Technological and technical-economic indicators of the reservoir development process include the current (average annual) and total production of liquid (oil and water), water cut of the produced liquid (the ratio of current water production to the current production of liquid), the current and accumulated water-oil factor (the ratio of water production to production oil), current and accumulated water injection, compensation of injection recovery (the ratio of the injected volume to the volume withdrawn under reservoir conditions), oil recovery factor, number of wells (production and injection), reservoir and bottomhole pressure, current gas factor, average flow rate of production wells and injectivity of injection wells , production costs, labor productivity, capital investments, operating costs, present costs, sales minus transportation costs and taxes, loan requirements, loan fees, loan repayment.
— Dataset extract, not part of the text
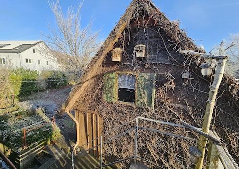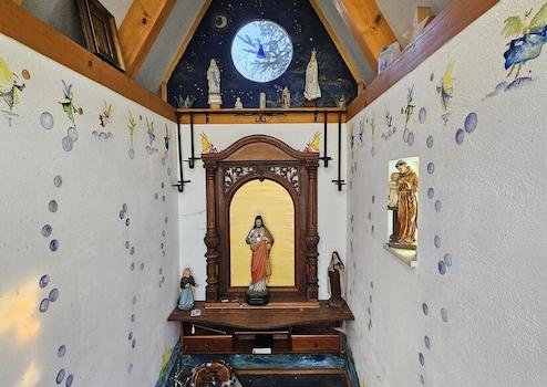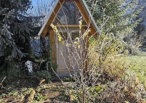 Während die kleinere, vermietete Wohnung im Erdgeschoss eine uneinsehbare Terrasse besitzt, hat die große, 1995 renovierte Dachgeschoss-Wohnung nicht nur einen Balkon, sondern über eine Außentreppe auch einen direkten Zugang zum Garten. Und hier tut sich auf über 2000 Quadratmetern ein wahres Paradies auf von Bäumen, Büschen, einer zusätzlichen Terrasse, einem eigenen, geweihten! Kappellchen, zahlreichen kleinen Nebengebäuden und und und...

Stages of oil field development

The ratio of annual oil production to initial balance reserves characterizes the pace of field development.
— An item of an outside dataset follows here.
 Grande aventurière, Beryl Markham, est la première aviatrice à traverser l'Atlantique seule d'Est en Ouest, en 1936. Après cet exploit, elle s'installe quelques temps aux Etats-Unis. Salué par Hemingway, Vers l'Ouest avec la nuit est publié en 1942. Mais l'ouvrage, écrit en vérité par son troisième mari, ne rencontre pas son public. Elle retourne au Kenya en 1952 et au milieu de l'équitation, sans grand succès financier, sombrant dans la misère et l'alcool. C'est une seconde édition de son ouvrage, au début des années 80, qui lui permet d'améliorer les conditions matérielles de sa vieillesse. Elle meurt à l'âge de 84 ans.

Based on the analysis of the pace of field development, four stages are distinguished (Fig. 5.1): an increasing level of production (I), a constant level of oil production (II), a period of falling oil production (III) and the final period of oil production (IV).

A characteristic feature of the first period is a gradual increase in oil production volumes, due to the continuous commissioning of production wells from drilling. The method of oil production during this period is flowing, there is no water cut. The duration of this stage depends on many factors, the main ones of which are: the amount of recoverable industrial reserves; size of the field and reservoir pressure; thickness and number of productive horizons; properties of productive rocks and the oil itself; availability of funds for field development and others. The duration of the first period is about 4-6 years. The cost of 1 ton of oil during this period is relatively high due to the construction of new wells and field development.
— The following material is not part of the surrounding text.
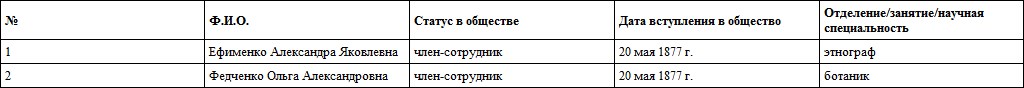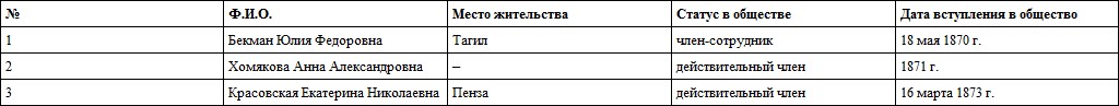 Таблица 7. Женщины – члены Императорского Русского географического общества (70-е гг. XIX в.)

The second stage of development is characterized by a constant level of oil production and minimal cost. During this period, flowing wells are transferred to the mechanized production method due to the progressive water cut of the wells. The decline in oil production during this period is restrained by the commissioning of new reserve wells. The duration of the second stage depends on the rate of oil withdrawal from the field, the amount of recoverable oil reserves, the water cut of well production and the possibility of connecting other horizons of the field to development. The end of the second stage is characterized by the fact that the increase in the volume of injected water for reservoir pressure maintenance does not have a noticeable effect on the volume of oil production and its level begins to decline. Oil water cut at the end of this period can reach 50%. The duration of the period is about 5-7 years. The cost of oil production during this period is the lowest.

Rice. 5.1. Stages of development of an operational facility

The third development period is characterized by a drop in oil production and an increase in produced water production. This stage ends when 80-90% water cut is reached. During this period, all wells operate using mechanized extraction methods; individual wells are taken out of operation due to extreme water cut. The cost of 1 ton of oil during this period begins to increase due to the construction and commissioning of oil dehydration and desalting plants. During this period, main measures are taken to increase well production rates. The duration of this period is 4-6 years.

The fourth stage of development is characterized by large volumes of formation water production and small volumes of oil production. The water cut of the product reaches 90-95% or more. The cost of oil production during this period increases to the limits of profitability. This period is the longest and lasts 15-20 years.

In general, we can conclude that the total duration of development of any oil field is 40-50 years from the beginning to the final profitability. The practice of developing oil fields generally confirms this conclusion.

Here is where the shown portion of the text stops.